_WHAT YOU NEED TO DO:_ Using the records below, filter out every line that lacks "brown" and copy the rest.

_Excerpts from a dataset:_
--- START ---

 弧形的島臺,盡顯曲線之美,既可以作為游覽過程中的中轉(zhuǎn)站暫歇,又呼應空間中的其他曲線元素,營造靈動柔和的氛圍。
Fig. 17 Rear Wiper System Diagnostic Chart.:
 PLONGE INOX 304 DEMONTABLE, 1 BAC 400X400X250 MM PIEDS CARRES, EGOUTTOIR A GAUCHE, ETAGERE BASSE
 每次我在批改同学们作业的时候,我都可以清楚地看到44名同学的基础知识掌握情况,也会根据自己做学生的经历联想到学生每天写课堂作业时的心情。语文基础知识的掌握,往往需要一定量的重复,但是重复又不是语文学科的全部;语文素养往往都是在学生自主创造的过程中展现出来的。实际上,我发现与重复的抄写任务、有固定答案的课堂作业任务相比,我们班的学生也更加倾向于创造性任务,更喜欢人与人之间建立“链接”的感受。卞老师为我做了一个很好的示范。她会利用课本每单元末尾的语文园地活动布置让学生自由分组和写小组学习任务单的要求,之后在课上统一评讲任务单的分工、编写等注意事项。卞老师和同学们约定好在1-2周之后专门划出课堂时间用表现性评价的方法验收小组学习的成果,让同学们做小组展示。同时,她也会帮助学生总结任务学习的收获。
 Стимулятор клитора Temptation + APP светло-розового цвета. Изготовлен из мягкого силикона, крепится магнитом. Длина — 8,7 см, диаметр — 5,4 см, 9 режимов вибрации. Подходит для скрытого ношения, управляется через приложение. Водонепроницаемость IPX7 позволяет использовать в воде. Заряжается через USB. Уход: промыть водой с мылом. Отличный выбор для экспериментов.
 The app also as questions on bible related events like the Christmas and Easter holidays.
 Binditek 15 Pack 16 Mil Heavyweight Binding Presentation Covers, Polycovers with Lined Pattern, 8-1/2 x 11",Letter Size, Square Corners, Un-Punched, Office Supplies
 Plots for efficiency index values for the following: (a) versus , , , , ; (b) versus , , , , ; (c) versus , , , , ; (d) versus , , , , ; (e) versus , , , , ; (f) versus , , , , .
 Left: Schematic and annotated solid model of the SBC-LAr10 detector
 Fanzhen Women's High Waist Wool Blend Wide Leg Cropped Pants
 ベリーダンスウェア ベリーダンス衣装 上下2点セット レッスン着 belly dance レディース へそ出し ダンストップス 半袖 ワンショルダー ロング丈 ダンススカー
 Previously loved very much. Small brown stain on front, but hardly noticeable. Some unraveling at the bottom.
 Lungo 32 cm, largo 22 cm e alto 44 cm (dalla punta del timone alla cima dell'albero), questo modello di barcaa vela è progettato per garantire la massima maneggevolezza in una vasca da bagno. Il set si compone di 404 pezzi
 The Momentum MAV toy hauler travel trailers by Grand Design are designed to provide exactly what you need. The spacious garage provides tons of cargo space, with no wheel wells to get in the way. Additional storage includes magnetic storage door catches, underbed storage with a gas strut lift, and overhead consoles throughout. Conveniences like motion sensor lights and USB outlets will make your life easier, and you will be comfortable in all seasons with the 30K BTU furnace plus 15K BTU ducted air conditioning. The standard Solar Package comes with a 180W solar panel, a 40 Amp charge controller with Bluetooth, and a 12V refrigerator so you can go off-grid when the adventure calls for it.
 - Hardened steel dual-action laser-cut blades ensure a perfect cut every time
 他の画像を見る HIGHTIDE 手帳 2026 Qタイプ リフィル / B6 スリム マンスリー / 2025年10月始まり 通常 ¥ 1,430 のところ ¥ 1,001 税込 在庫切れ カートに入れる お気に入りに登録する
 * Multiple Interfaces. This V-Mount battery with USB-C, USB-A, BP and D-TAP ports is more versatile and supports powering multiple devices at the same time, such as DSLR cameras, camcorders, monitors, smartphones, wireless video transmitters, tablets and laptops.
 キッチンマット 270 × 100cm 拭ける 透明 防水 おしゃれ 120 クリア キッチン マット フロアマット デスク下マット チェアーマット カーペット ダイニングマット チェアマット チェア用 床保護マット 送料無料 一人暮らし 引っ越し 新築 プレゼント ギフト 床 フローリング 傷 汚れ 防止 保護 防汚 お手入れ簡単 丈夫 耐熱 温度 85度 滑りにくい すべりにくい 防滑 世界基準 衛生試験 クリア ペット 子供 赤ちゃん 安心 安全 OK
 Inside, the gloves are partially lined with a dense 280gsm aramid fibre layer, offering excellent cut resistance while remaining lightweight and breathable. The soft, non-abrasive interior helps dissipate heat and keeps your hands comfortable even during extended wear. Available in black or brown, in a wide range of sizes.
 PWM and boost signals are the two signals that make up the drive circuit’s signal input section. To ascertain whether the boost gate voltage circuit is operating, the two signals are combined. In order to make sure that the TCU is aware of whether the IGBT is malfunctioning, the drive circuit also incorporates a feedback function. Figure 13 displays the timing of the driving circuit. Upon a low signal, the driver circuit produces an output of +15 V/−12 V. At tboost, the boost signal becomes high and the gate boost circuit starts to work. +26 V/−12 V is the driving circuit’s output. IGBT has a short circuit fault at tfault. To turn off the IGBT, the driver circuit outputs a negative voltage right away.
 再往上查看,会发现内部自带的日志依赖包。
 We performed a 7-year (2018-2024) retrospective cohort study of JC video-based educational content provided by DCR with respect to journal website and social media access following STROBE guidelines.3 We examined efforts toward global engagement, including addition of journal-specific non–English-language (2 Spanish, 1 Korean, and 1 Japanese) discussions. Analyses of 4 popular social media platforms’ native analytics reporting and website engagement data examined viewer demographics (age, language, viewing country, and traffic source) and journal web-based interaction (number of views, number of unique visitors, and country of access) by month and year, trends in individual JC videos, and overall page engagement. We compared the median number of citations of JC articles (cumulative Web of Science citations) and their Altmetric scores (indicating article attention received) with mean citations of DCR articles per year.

--- END ---

_RESULT OF THIS EXERCISE:_
 Previously loved very much. Small brown stain on front, but hardly noticeable. Some unraveling at the bottom.
 Inside, the gloves are partially lined with a dense 280gsm aramid fibre layer, offering excellent cut resistance while remaining lightweight and breathable. The soft, non-abrasive interior helps dissipate heat and keeps your hands comfortable even during extended wear. Available in black or brown, in a wide range of sizes.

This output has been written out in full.